━━ DATA TO PROCESS ━━
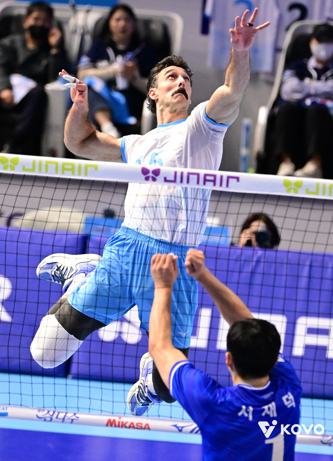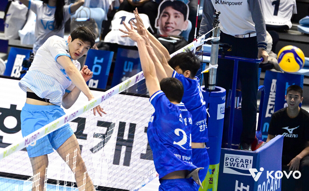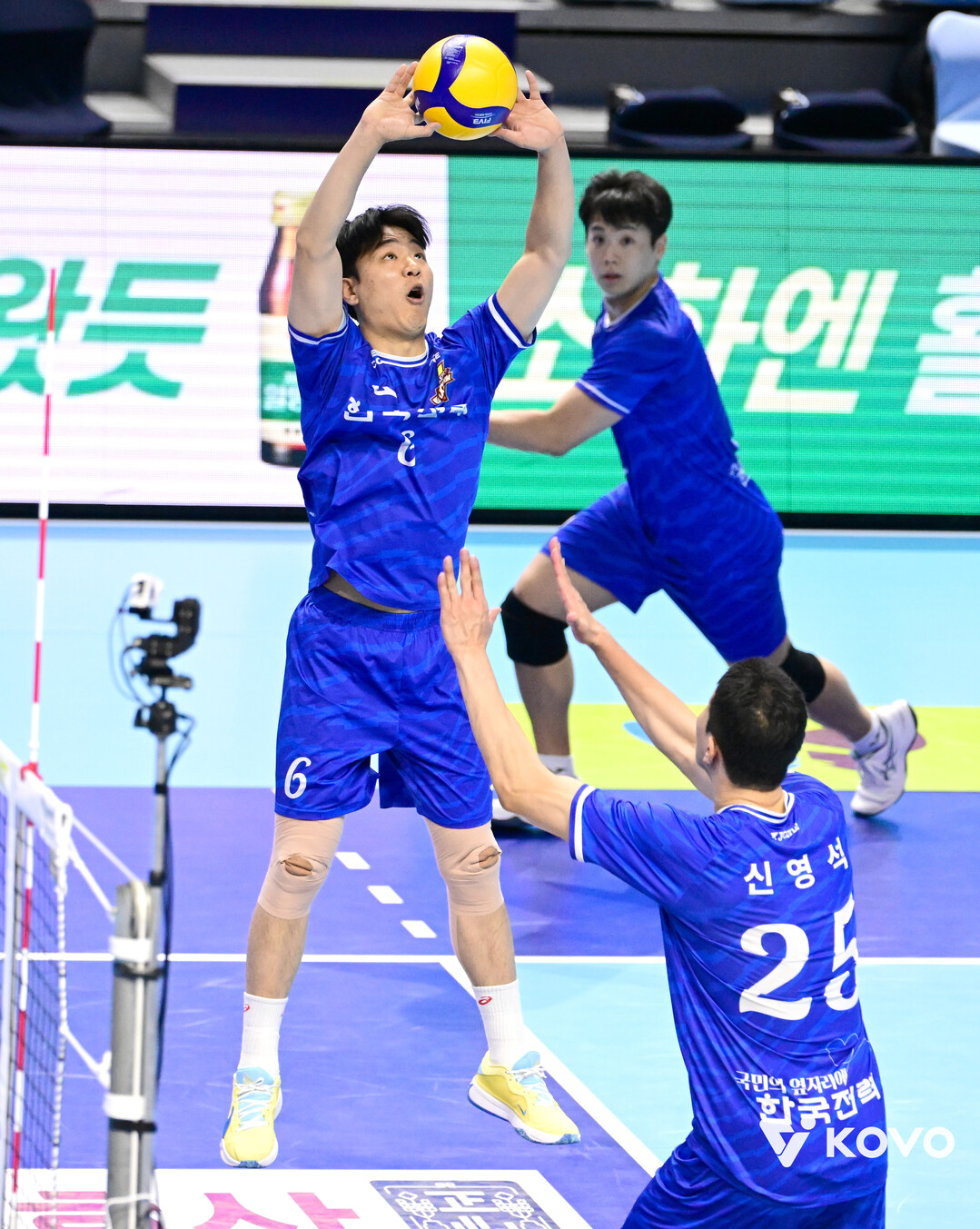 대한항공은 강한 서브와 공격력을 바탕으로 경기를 장악했다. '에이스' 정지석이 블로킹 4개와 서브 득점 2개를 포함해 팀 내 최다인 23점에 공격 성공률 65%를 기록했다. 러셀과 정한용도 각각 18점, 13점을 힘을 더한 가운데 블로킹에서 11-6으로 앞섰다.
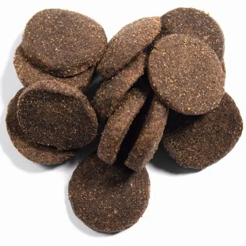 Die Koi Chips haben einen Durchmesser von ca. 25mm und sind ideal für die Fütterung aus der Hand.
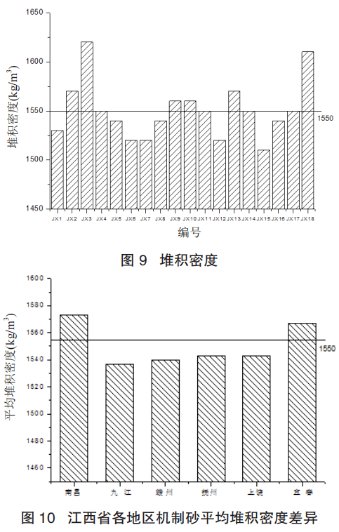 根據(jù)國家標(biāo)準(zhǔn) GB/T 14684—2011《建設(shè)用砂》中砂的松散堆積密度不小于 1400kg/m3,將全省機制砂松散堆積密度測試所得的數(shù)據(jù)進(jìn)行作圖分析,如表 7、表 8 和圖 9、圖 10 所示。
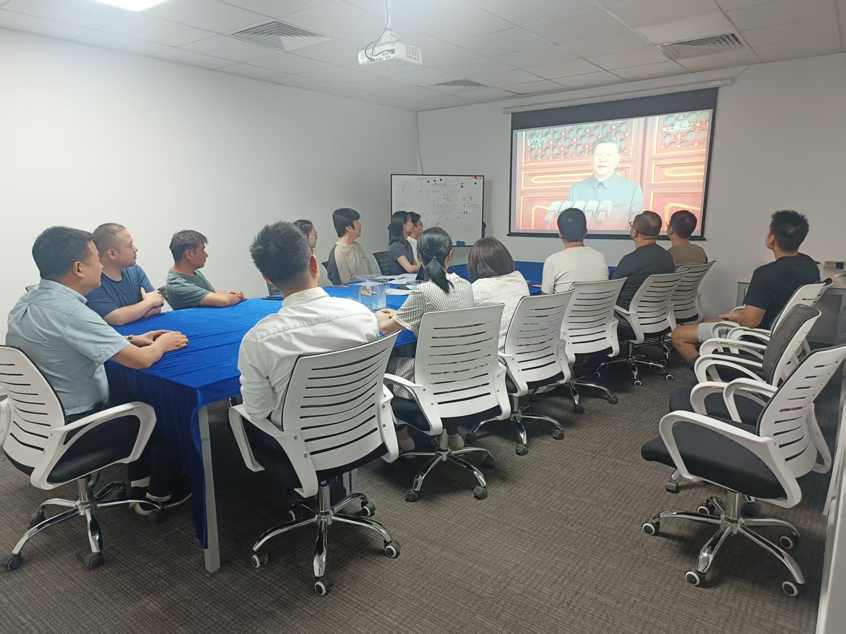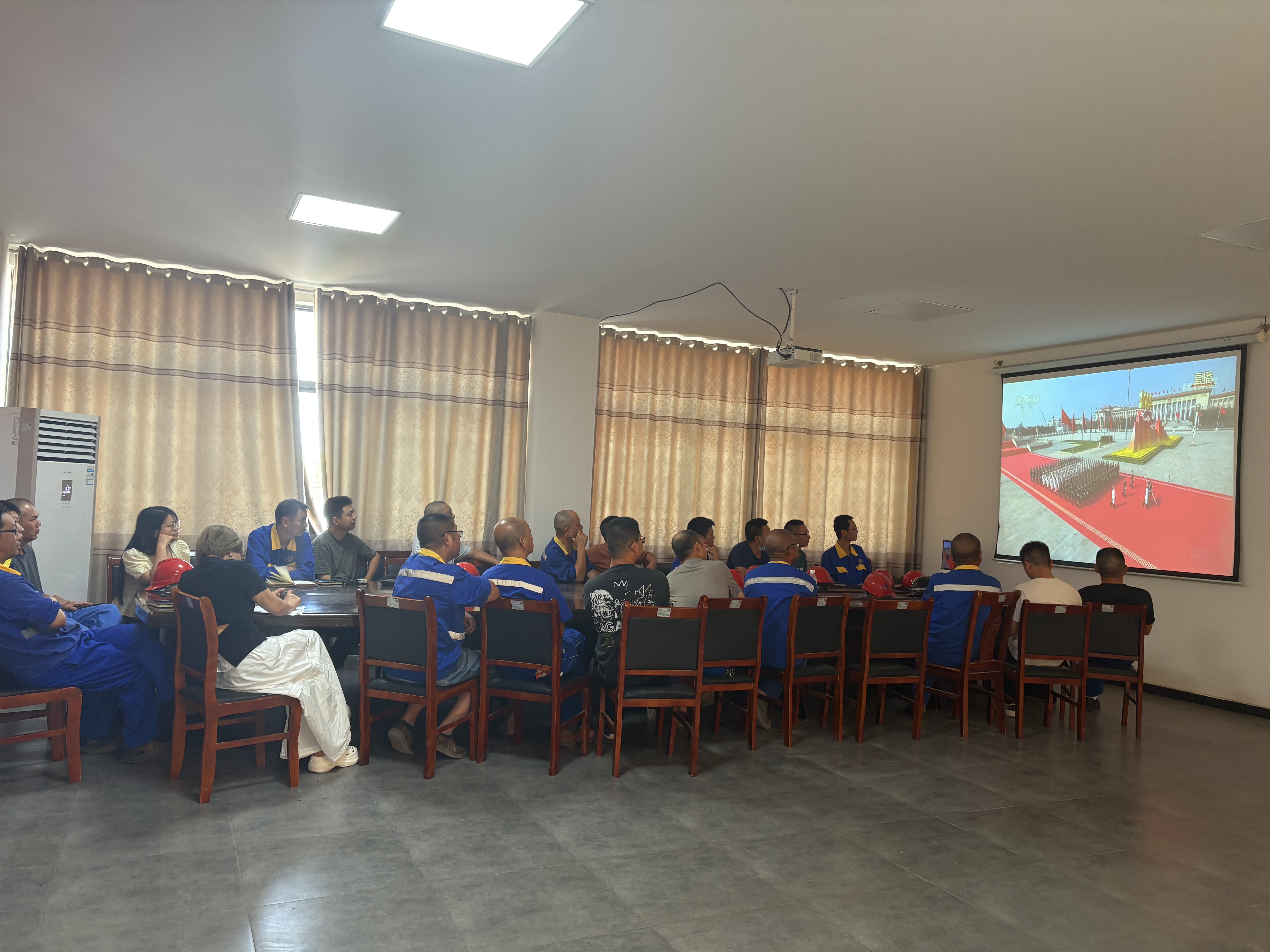 上午9時(shí),大家準(zhǔn)時(shí)聚集在各公司的會(huì)議室,自發(fā)整理好衣襟,眼神中滿是期待與肅穆。當(dāng)直播畫(huà)面切到天安門廣場(chǎng),鮮艷的五星紅旗在晨光中冉冉升起,激昂的歌聲里,是跨越代際的信仰傳承,是屬于京蘭人的集體共鳴。?
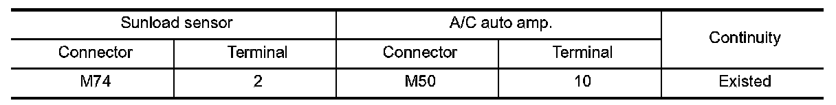 3.Check continuity between sunload sensor harness connector and A/C auto amp harness connector.
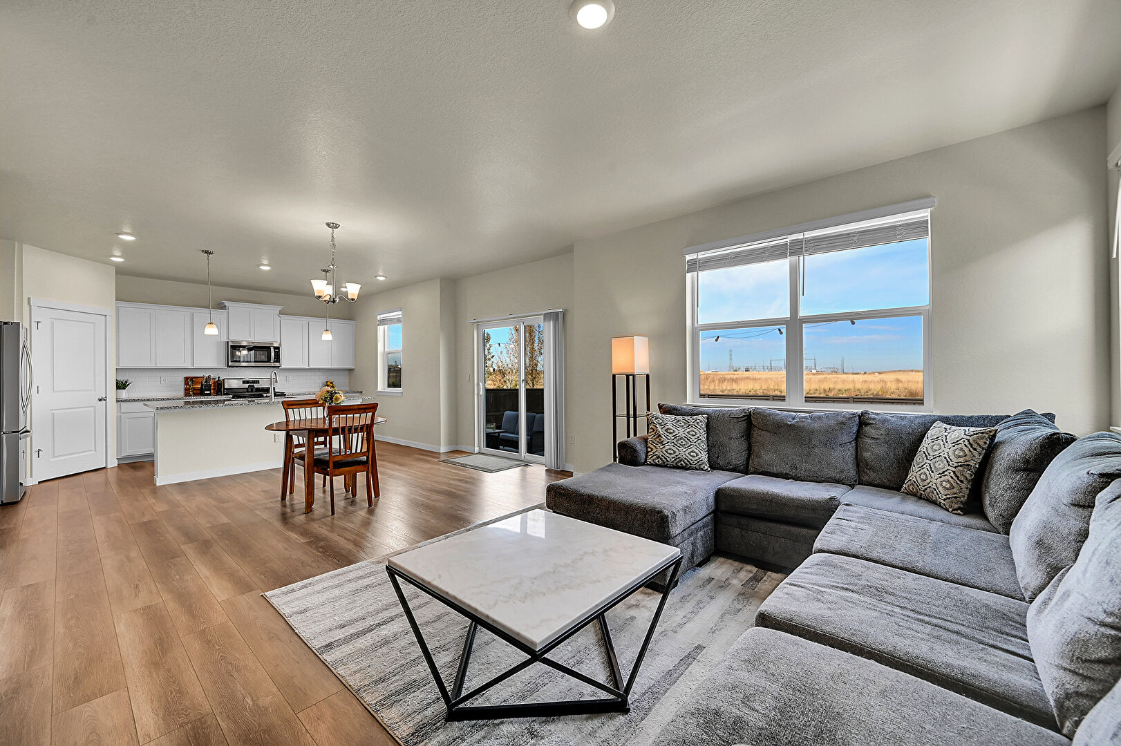 Baseboards Wall, Carpet, Drywall, L Shaped Kitchen, Natural Light, Notable Chandelier, Recessed Lighting, Vent, Wood Finish Floor, Carpet, Natural Light, Recessed Lighting, Wood Finish Floor
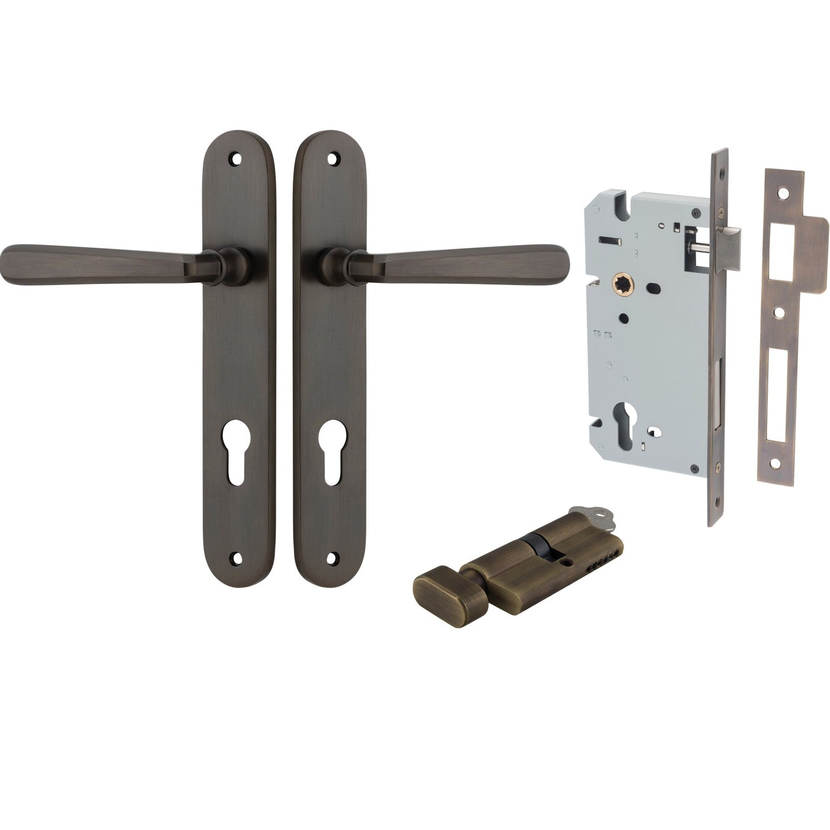 Included in Kit: Door Lever Copenhagen Oval Euro Pair Signature Brass CTC85mm H240xW40xP61mm Entrance Kit, Mortice Lock Euro Signature Brass CTC85mm Backset 60mm, Euro Cylinder Key Thumb 6 Pin Signature Brass L70mm KA1
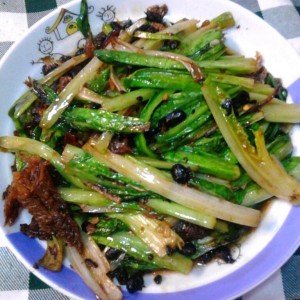 到油麦菜发软出水下豆豉鱼 ,适量盐,最后放醋呛一下 ,翻炒均匀出锅。
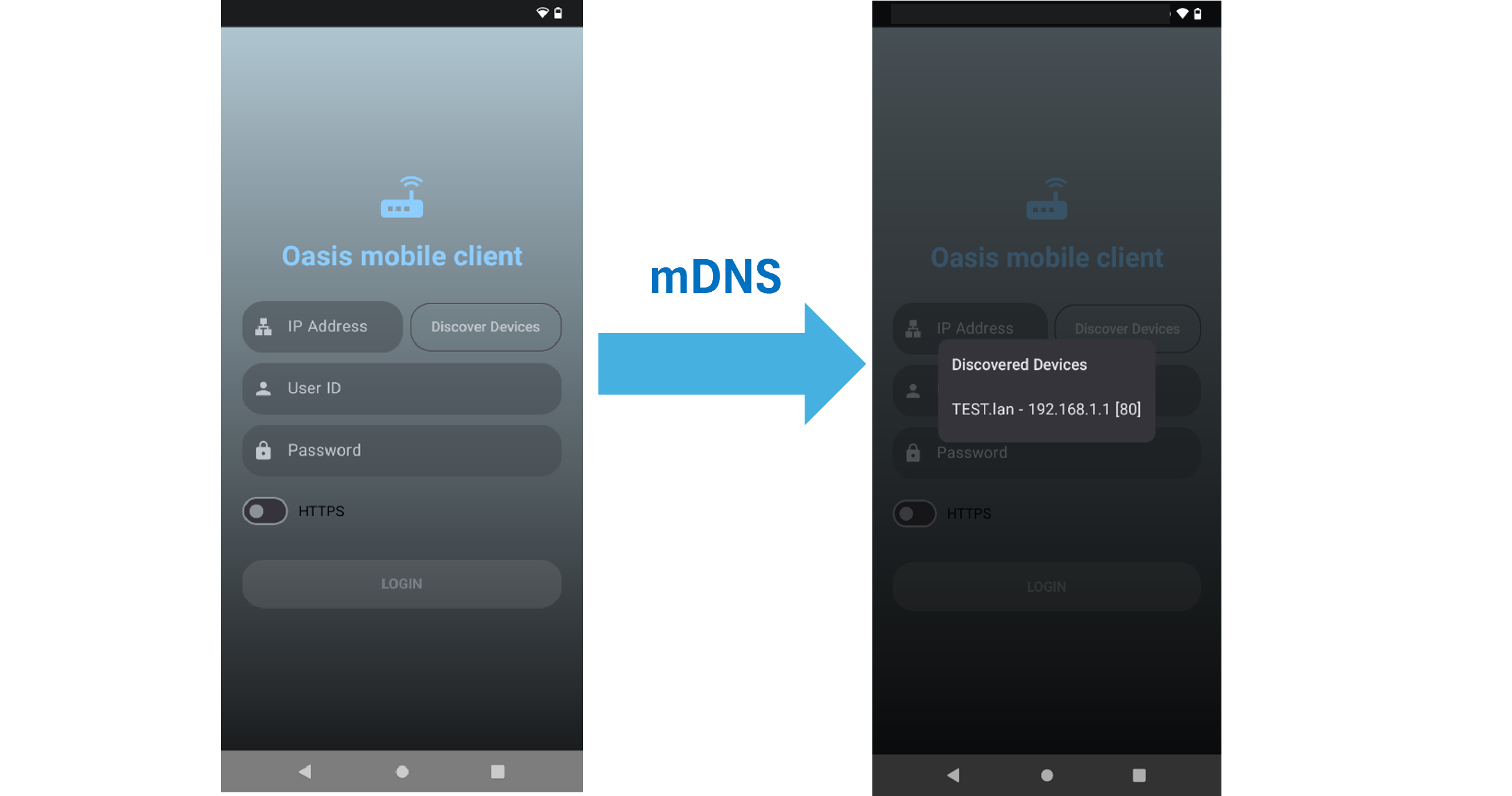 OpenWrtデバイスのIPアドレスとユーザーID、パスワードを入力することでログインができます。 予めOpenWrtデバイス側でavahi-daemonが有効あればmDNSによる探索によってIPアドレスを自動設定することも可能です。
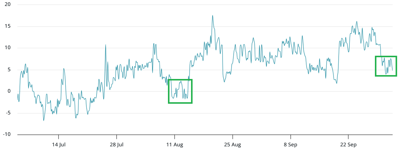 In the three days leading to Bitcoin’s all-time high in mid-August, traders were pricing roughly equal odds of upward and downward price moves, according to derivatives data. Today, however, the same BTC options indicator signals a moderate fear of correction, with put (sell) options trading at a premium compared with call (buy) options.
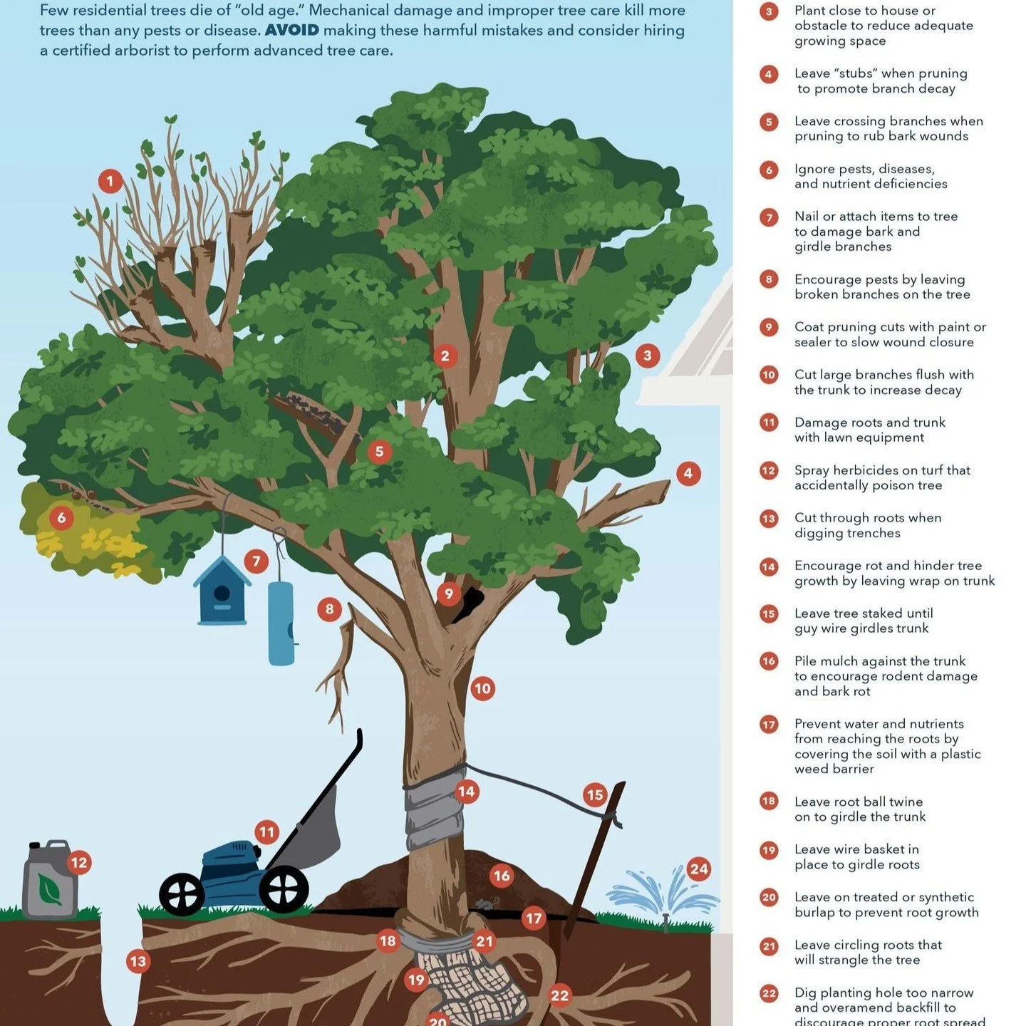 Let’s face it, you could have your trees pruned for much cheaper by a gardener, or even an uncertified tree company. However, you would be risking the health of the tree and the safety of the buildings and people around it. Bad pruning not only looks bad, but it can cause damage to the tree, weakening the branches and sometimes even causing damage from root to tip. Removing too much of a tree can cause the tree to be in a state of stress similar to a human’s fight or flight mode. You can see evidence of this when small branches called “suckers” grow back. This is evidence of the tree’s fight for survival. Weakened trees only survive a few more years. Weakened branches are the ones that rot from the inside and eventually fall. Bad tree work doesn’t just make a tree look like it’s in pain—it causes damage to the tree and could eventually kill it.
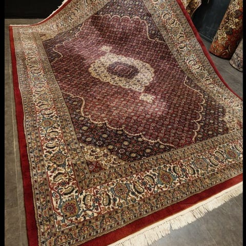 Erittäin hyväkuntoinen ja hieno Tabriz Mahi-tyylinen aito villamatto.
━━━
• [DIRECTIONS] Please restate the material above line by line, exactly, beginning at its first line and ending with the line that contains "Die Koi Chips", without any pictures.

• [ANSWER TO THIS EXERCISE]
 대한항공은 강한 서브와 공격력을 바탕으로 경기를 장악했다. '에이스' 정지석이 블로킹 4개와 서브 득점 2개를 포함해 팀 내 최다인 23점에 공격 성공률 65%를 기록했다. 러셀과 정한용도 각각 18점, 13점을 힘을 더한 가운데 블로킹에서 11-6으로 앞섰다.
 Die Koi Chips haben einen Durchmesser von ca. 25mm und sind ideal für die Fütterung aus der Hand.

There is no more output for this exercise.